Benarkah Pemusnahan 20.000 ton Beras Merupakan Solusi??

Oleh : Ulivia Ristiana, S.P.

Hidup sejahtera nampaknya hanya akan menjadi angan-angan belaka. Pasalnya, dengan iklim ekonomi seperti saat ini, untuk sekedar memenuhi kebutuhan pangan yang layak, merupakan beban tersendiri bagi kaum menengah.  Dikutip dari Muslimahnews.com, pemenuhan pangan masyarakat belum merata karena sebagian masyarakat masih sulit mengaksesnya. Seperti ditemukannya warga Suku Anak Dalam yang mengalami kesulitan pangan berminggu-minggu, hingga terpaksa memakan makanan yang tidak sewajarnya (Muslimahnews.com, 3/12/19). Masih berdasarkan sumber yang sama, disebutkan bahwa terdapat 88 daerah (sekitar 7 juta jiwa) yang mengalami rawan pangan karena rendahnya akses terhadap pangan. Bahkan laporan ADB menyebut 22 juta warga Indonesia masih mengalami kelaparan kronis. Besar kemungkinan fakta di lapangan masih jauh lebih banyak lagi dari data yang terungkap. Fakta tersebut mungkin hanya sebagian kecil saja dari fakta-fakta yang tidak diketahui media.

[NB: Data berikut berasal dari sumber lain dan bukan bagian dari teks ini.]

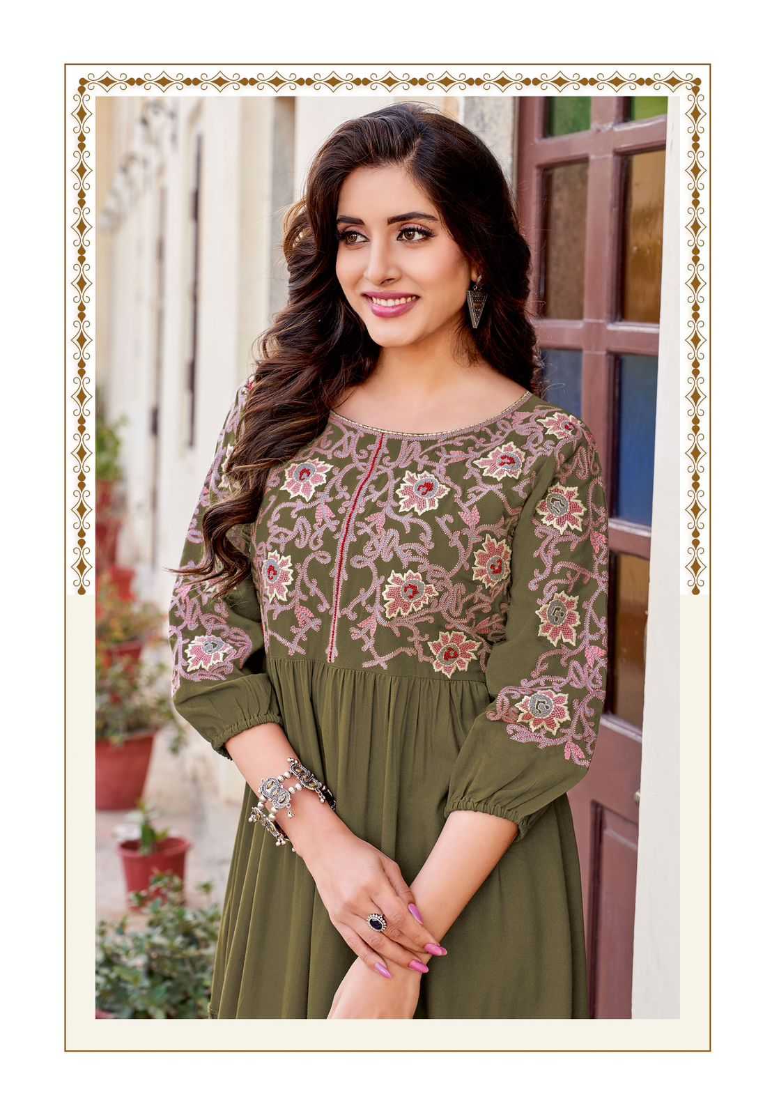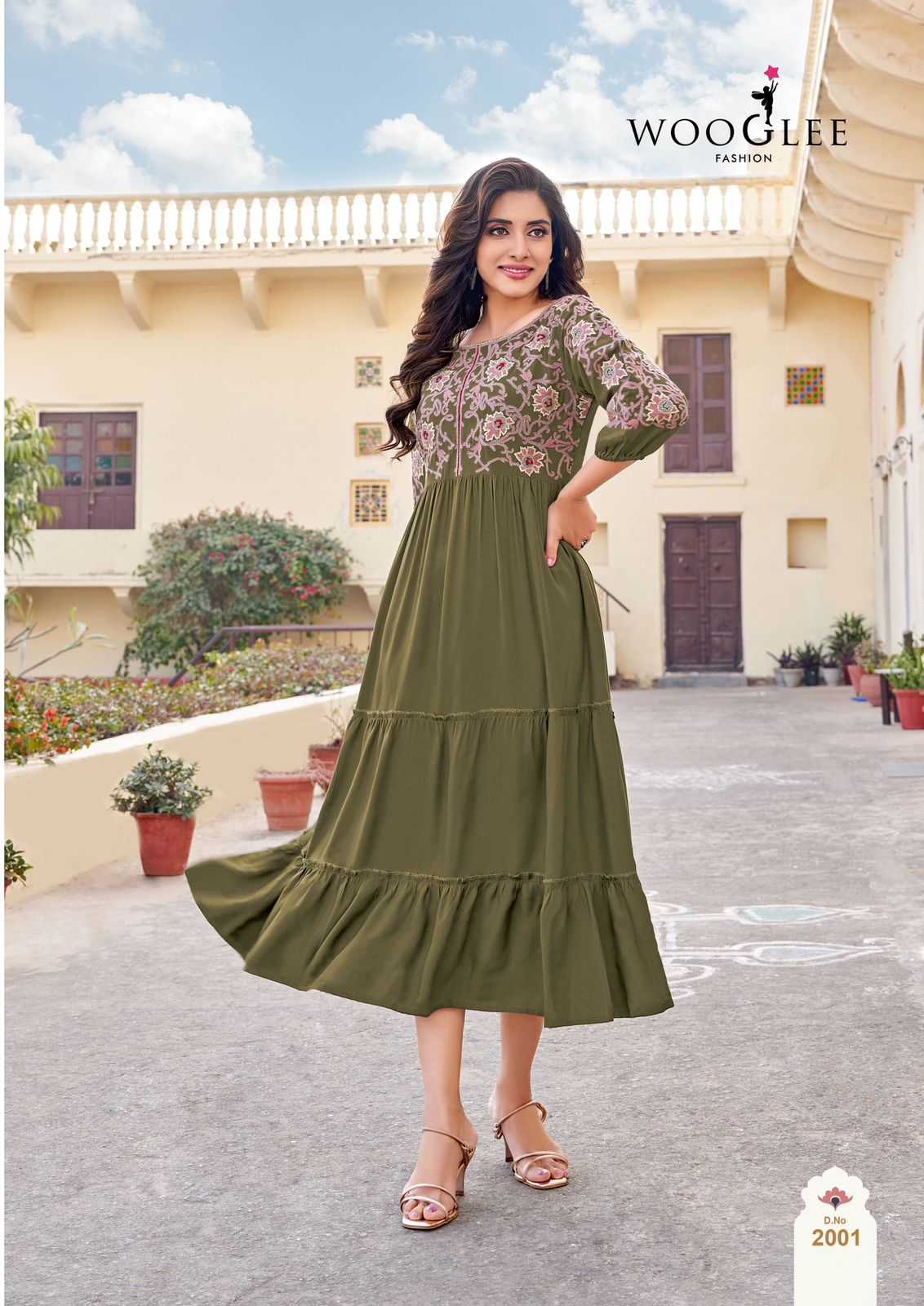anchal by wooglee fullstitch rayon trendy kurti collection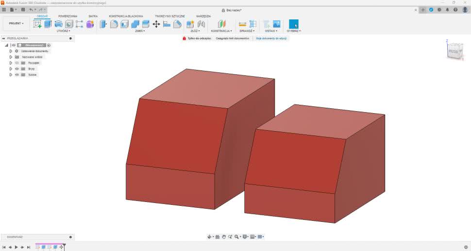 Obudowa powinna być proporcjonalna i mieć raczej prostą bryłę. Druk 3D pozwala na tworzenie dość fantazyjnych, złożonych kształtów, ale my projektujemy obudowę urządzenia do warsztatu, a nie małe dzieło sztuki – stąd prosta, niemal brutalistyczna, utylitarna forma. Obowiązują nas też trzy ograniczenia: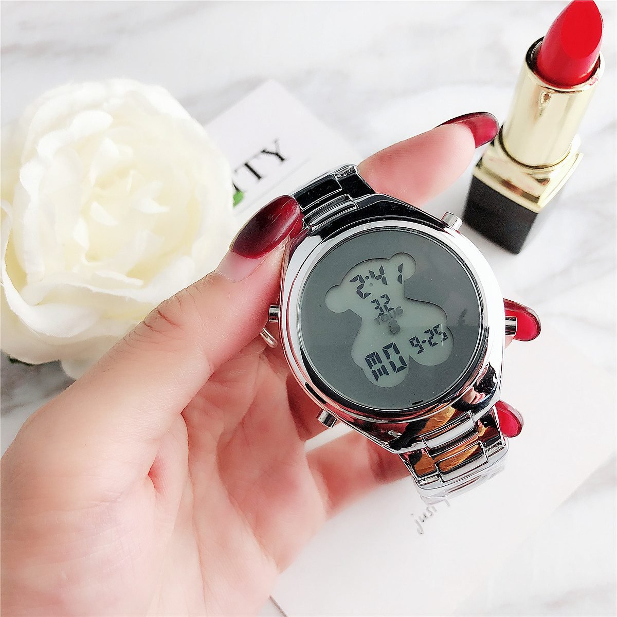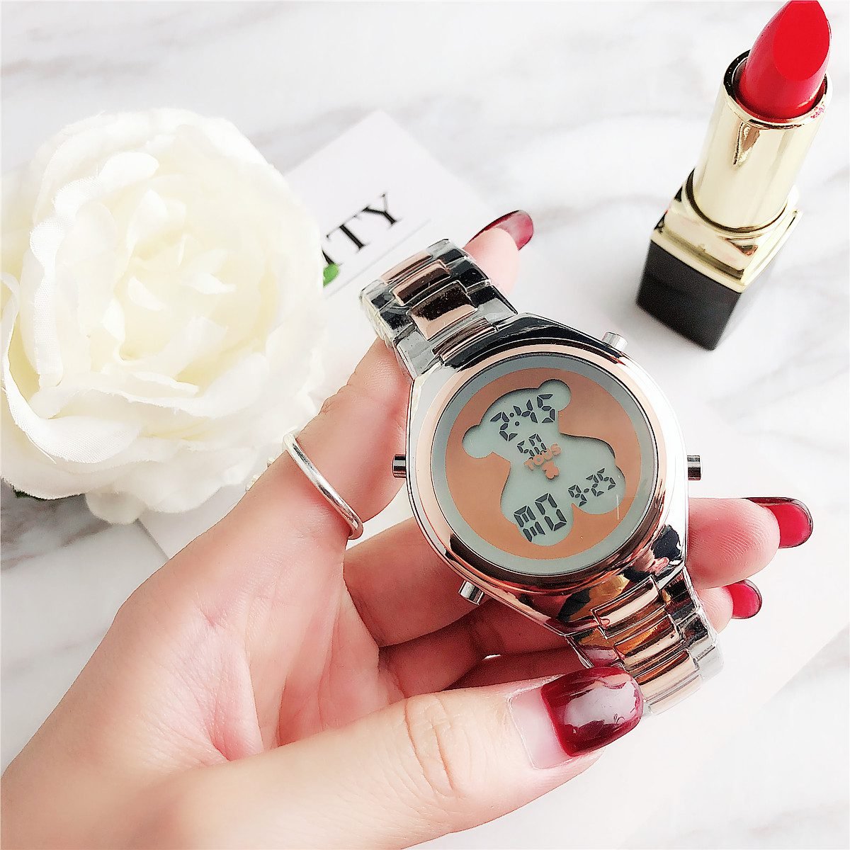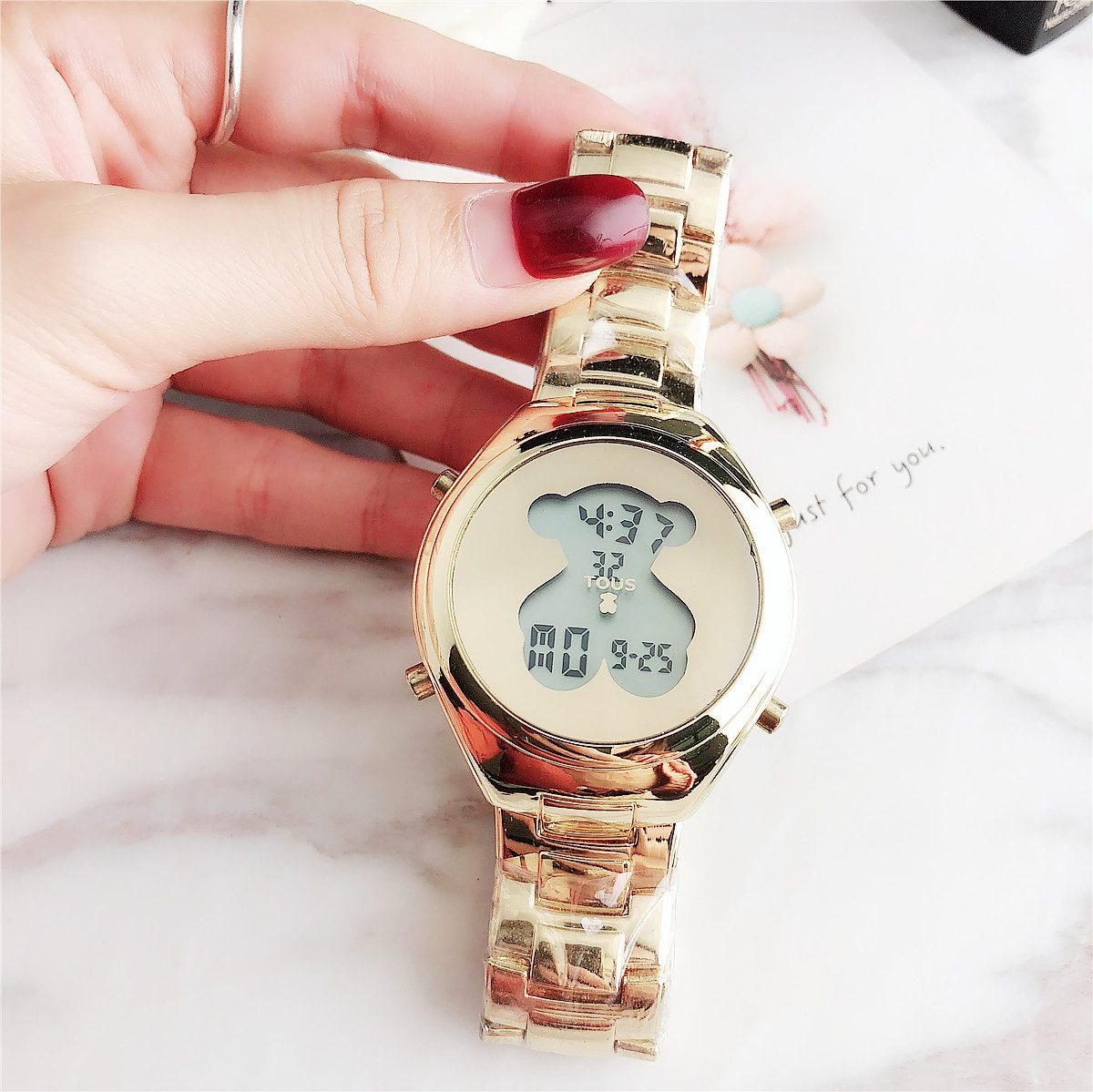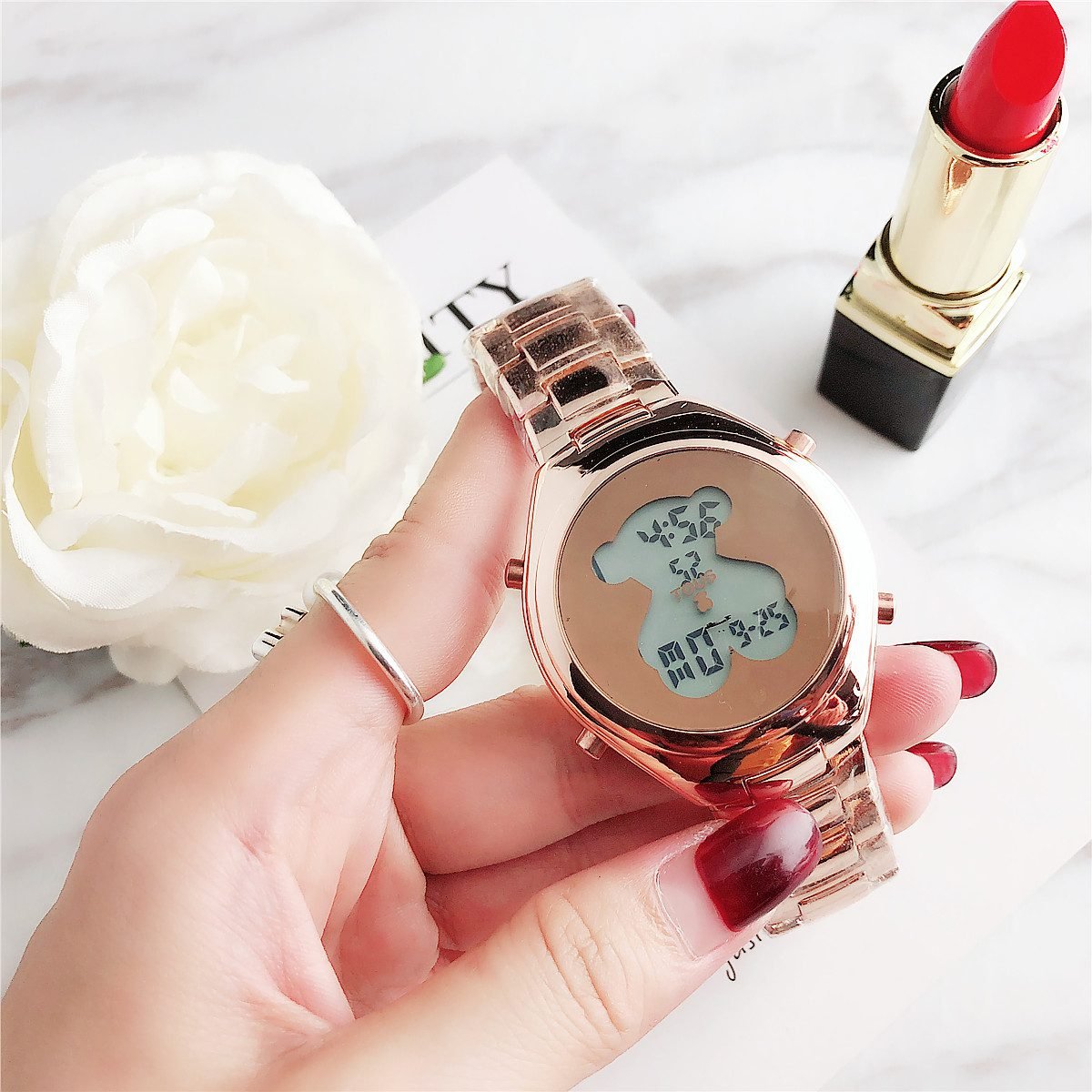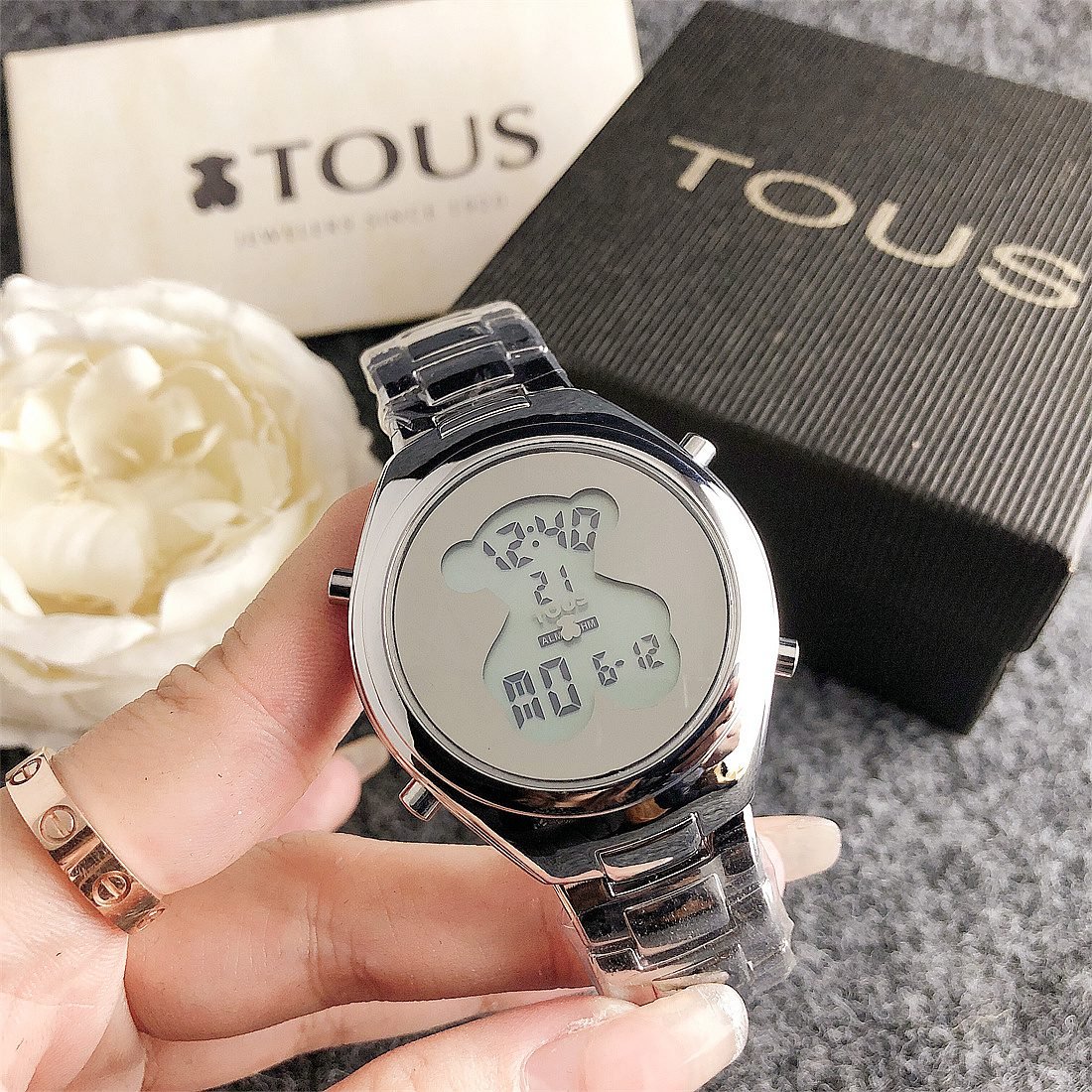 The central position is printed with a peach bear pattern, which is the logo of the TOUS brand, adding unique personality and recognition to the watch.

Maraknya berbagai isu kekurangan pangan di masyarakat rupanya tidak membuat hati nurani pemerintah 'trenyuh'. Alih-alih membuat kebijakan agar pangan lebih mudah diakses oleh masyarakat hingga ketahanan pangan bisa tercapai, malah tersiar kabar bahwa Bulog akan melakukan disposal cadangan beras pemerintah (CBP) sebanyak 20.000 ton karena usia penyimpanannya telah lewat setahun. Kerugian akibat pembuangan ini kira-kira mencapai Rp160 M (Muslimahnews.com, 3/12/19). Sungguh bukan angka yang sedikit. Bisa kita bayangkan, seandainya 20.000 ton beras tersebut dapat tersalurkan dengan baik, ada berapa banyak masyarakat yang terselamatkan dari jerat kekurangan pangan. Namun kenyataannya, pemerintah seolah abai dengan hal tersebut.

Dicabutnya kewenangan Bulog oleh Agreement of Agriculture yang disahkan oleh WTO pada 1995 dalam mengatur pangan seolah membuatnya tidak memiliki Bergaining Position. Karenanya Bulog tidak dapat menjaga stabilitas harga pangan, melakukan impor dan ekspor, ataupun menentukan provisi subsidi. Bulog tidak boleh ‘memonopoli’ tata kelola pangan, namun Bulog harus berkompetisi dengan berbagai pihak termasuk korporasi-korporasi asing. Wajar jika mayoritas stok bahan pangan hari ini dikuasai oleh korporasi (lembaga non-Bulog) dan hanya 6-8 % saja yang dikuasai Bulog. Sudah tentu kondisi seperti ini lebih banyak merugikan petani dan masyarakat miskin karena dalam pelaksanaannya Bulog mengedepankan prinsip profit. 

Dalam Islam, kebutuhan pangan merupakan salah satu kebutuhan pokok yang pemenuhannya dijamin oleh negara. Bulog dalam Islam berfungsi mewujudkan kedaulatan dan ketahanan pangan pada setiap individu masyarakat, menyimpan cadangan pangan untuk kebutuhan pada kondisi bencana, kebutuhan jihad, dan menstabilkan harga di pasar. Bulog dijalankan berlandaskan prinsip-prinsip Islam yang sahih, dijiwai fungsi pelayanan, dan dinihilkan dari aspek komersial. Sebab, Bulog merupakan perpanjangan tangan pemerintah sebagai raa’in (pelayan) dan junnah (pelindung). Seperti yang disabdakan oleh Rasulullah saw., “Imam (Khalifah) raa’in (pengurus hajat hidup rakyat) dan dia bertanggung jawab terhadap rakyatnya.” (HR Muslim dan Ahmad). Dalam hadis lainnya Rasulullah saw. menegaskan, “Khalifah itu laksana perisai tempat orang-orang berperang di belakangnya dan berlindung kepadanya.” (HR Muslim).